Without going into a 4-hour rant on biomechanics, here are 3 reasons why we should never compromise the drivetrain to compensate for upper body position:

(1)  Our feet are “fixed” to the pedals and any change to the hip, knee and ankle position will greatly impact the angles and articulation of the joints.  On the other hand (literally), our hands can move, shift and adjust with minimal impact to our mechanics.

(2)  Our legs are in motion (mechanically) and our upper bodies, including our hands and arms, are not.  Even a slight change in saddle position can have and exponential impact because of the thousands of rotations our legs will experience during a single class.

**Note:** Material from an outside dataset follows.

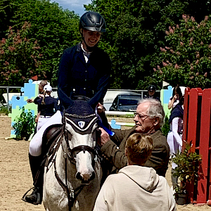 Für Carla und ihre versionierte Lilly Belle war das überhaupt gar kein Problem: souverän absolvierten sie den Parcours und zeigten allen, was sie können! Sie waren auch mit ihrer sensationellen Wertnote von 8,5 nicht zu schlagen und damit ging direkt der Sieg der ersten Prüfung an Ailingen und Carla van Wees mit ihrer süßen Lilly - Wertnote 8,5 und Gold!

(3)  The legs are manipulating mechanical forces. Not only are they applying forces to propel the bike (figuratively), they are resisting and controlling the momentum of the bikes weighed flywheel.  Making changes to the seat height or fore-aft position will alter the angles of the legs while they are under force and “may” place the joints and surrounding muscles at risk.

So What Can We Do?

As always, it depends.  It depends on the bike and which options are available. It also depends on what the rider can physically do considering their strengths, weaknesses, flexibility and mobility.  In my next article I”™m going to address how to determine the optimum cockpit length and height (handlebar height and fore-aft position), but for now, here is something to consider:

Avoid Using Specific Hand Position Cues for Drills

With the inception of indoor cycling came numbered hand positions (i.e. position 1, position 2 and position 3). Besides not being something we do as cyclists, using handlebar numbering systems like this can often predetermine a set of positions for an indoor rider that may not be appropriate for them. Instead, provide guidelines for best hand placement based on comfort, power and safety.

Here are 3 examples:

(1)  We recommend using the outer (wider) part of the handlebar for better balance and stability when standing.

(2)  If you are taller, you may find that gripping the handlebars farther away from you is more comfortable.

(3)  Placing your hands closer to you and closer together can put you in a position to generate more power when climbing seated.

Regardless of how you address the upper-body position and comfort of the rider, never disturb the integrity of the drivetrain and mechanics of the legs in the process.

There, I said it again - “never”.

Originally posted 2011-12-22 09:02:03.